How Bloom Will Use Funds

Lending is a capital-intensive industry, especially for new entrants. In the coming months and years, Bloom will incentivize early participants to seed the initial network, build out complex infrastructure, and signal stability to its partners. Access to capital is crucial for all three of these objectives.

The Bloom protocol must see rapid adoption in order to become a pillar of the world’s financial ecosystem. We recognize that this is extremely ambitious. Our primary goal is to maximize the chances of Bloom’s impact and long term success, and it’s not going to happen without a stable financial base.

We want the community to feel comfortable with our intended use of crowdsale funds. If there are questions on anything outlined below, our team is always available on Slack to discuss.

Network Effects & User Acquisition

Bloom depends on strong network effects with steep starting conditions. We are building a multi-sided platform — a large part of the value lies in connecting participants with one another. We must attract users, lenders, data providers, and identity attesters onto Bloom early on. If we neglect any one of those groups, applications built on top of the protocol will be far less attractive to the other participants on the platform. Nurturing the ecosystem early on will multiply the value it can create far into the future.

We need to onboard millions of users to kickstart the next generation of the existing credit infrastructure. The more users we have on Bloom, the more lenders and attesters will want to use Bloom. Igniting this virtuous cycle is expensive, but must be accomplished for long term success.
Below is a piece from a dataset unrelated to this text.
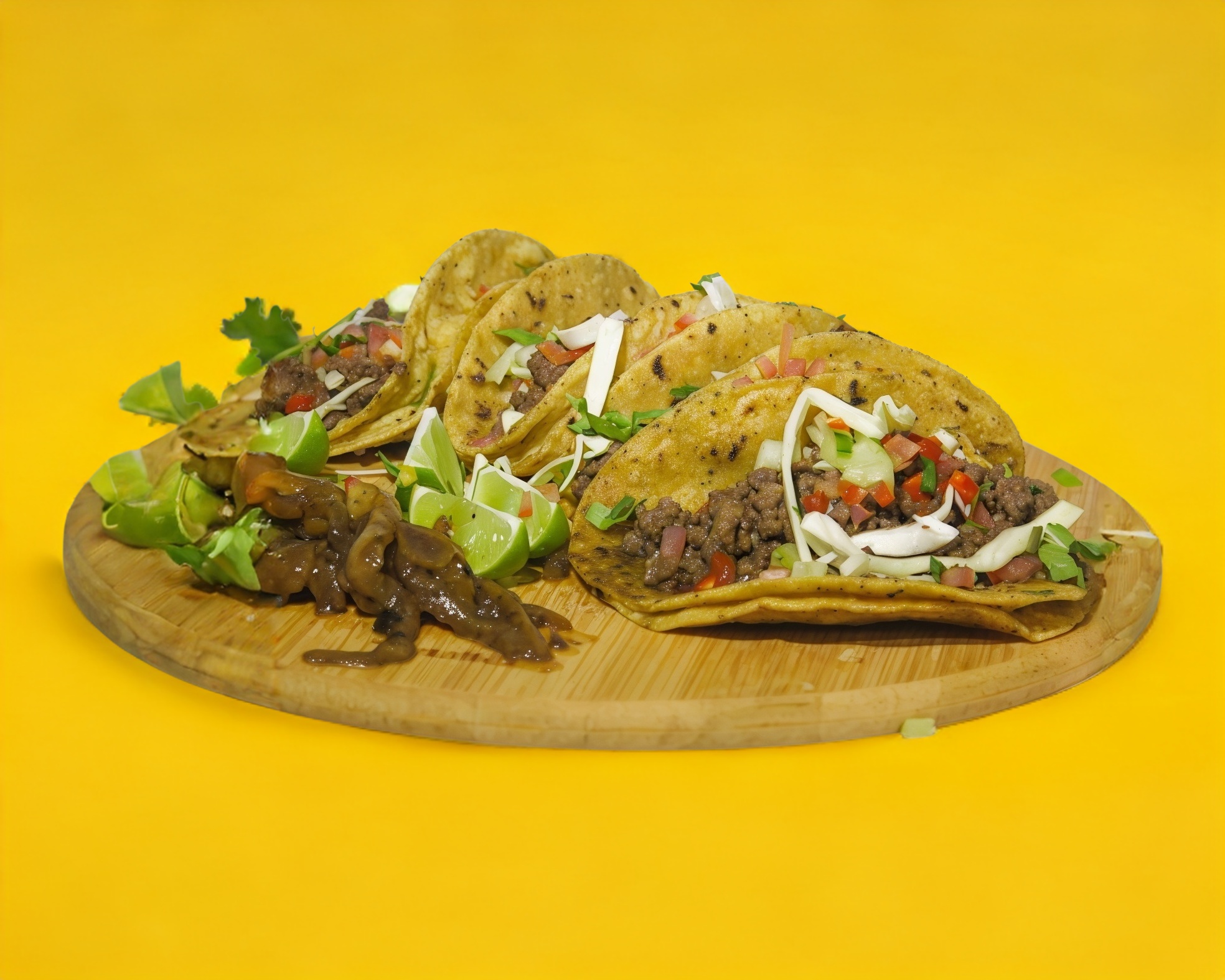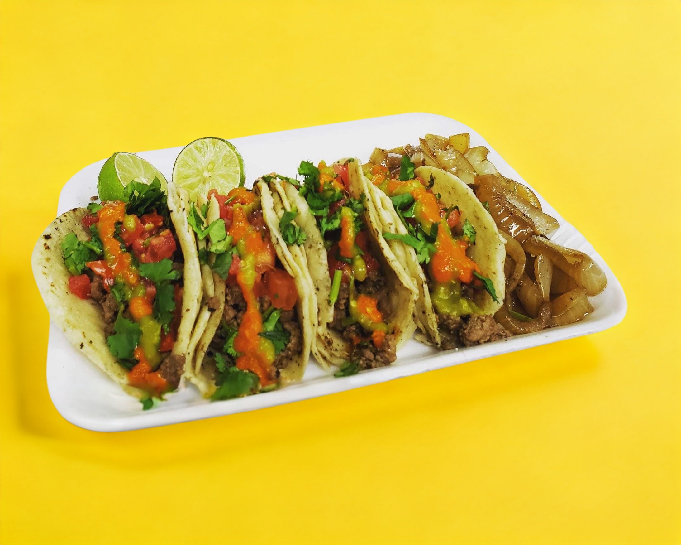Orden de 4 tacos de bistec con asadero y frijoles en doble tortilla de maiz.

In PayPal’s early days, they paid $10 for every new customer and referral. We do not intend to spend $10 for every new customer, but we will create similar community incentive programs for different groups to drive adoption. With a back-of-the-envelope calculation, you can see how quickly these costs add up.

Building the lending ecosystem

Beyond seeding the initial network, lending is a complicated business. Credit underwriting is specialized and context-dependent, and the talent pool of people who can build those models is competitive. Once you have the right people working on the problem, they still need data, tools, and processing power to do their job. These resources can be expensive, and data acquisition is particularly costly.

A key reason that credit bureaus have been entrenched for so long is because they have high barriers to entry. Bloom’s vision is to form a network of actors who all contribute data directly to an individual’s BloomID. Whether they like it or not, borrowers today have their information and creditworthiness automatically aggregated and stored by the bureaus for lenders to use. Our aim is disintermediate these middlemen who are aggregating your data, and that doesn’t come without costs. If it were easy, someone would have already done it.

Stability and a long-term view

Stable, long-term access to capital is also critical for institutional adoption. Banks, credit unions, and other credible institutions will not adopt technology that does not have a long term plan for financial stability. Significant funding early gives these organizations faith that Bloom will continue to exist.

Once the question of stability is addressed, there remain high switching costs for lenders to experiment with new risk models, new data sources, and new markets. Virtually every lender in the world currently relies in some way on the credit bureau infrastructure in order to issue credit. They know that there is a lot of room for the process to improve, but the risks and effort involved with switching are hard to justify in the short term. Bloom will serve to align the interests of all the players to benefit the health of the ecosystem

We recognize the risks our partners take by adopting an approach to credit that is as radically different as Bloom. We are exploring vertical-specific joint ventures with established lenders to use the Bloom protocol. These will be partially funded by the Bloom company in recognition of the risks those partners are taking to move the entire ecosystem forward. This allows us to hone Bloom’s scoring and identity systems on live lending volume with experienced lenders while also making financial sense for our partners.

Over the coming days and weeks, we will announce some of our foundational partnerships with lenders and other network participants. We have extensive plans for these partnerships, and.it’s been wonderful to get such a warm reception from well-respected players in the system. More on this front will be announced soon.

The road ahead

Many crypto projects suffer the same fate: a promising team with an interesting idea that never ends up being used by anyone. We will not let this happen to Bloom. Between aggressive user acquisition and maximizing the real-world usage of the Bloom protocol, we are well-positioned to make a product that is loved by users and lenders alike. Our team has managed over $100m in funds, built several successful businesses, and understands the importance of transparency and financial responsibility.

Bloom does not fall into a category of projects that can be developed and then let loose into the world with hopes that it will eventually become the status quo. Bloom requires methodical orchestration of business development, user acquisition, legal, and compliance work in each of the new markets we enter.

We’re building Bloom to be the new foundation for credit risk assessment globally, and our token sale is only the first step to make that happen.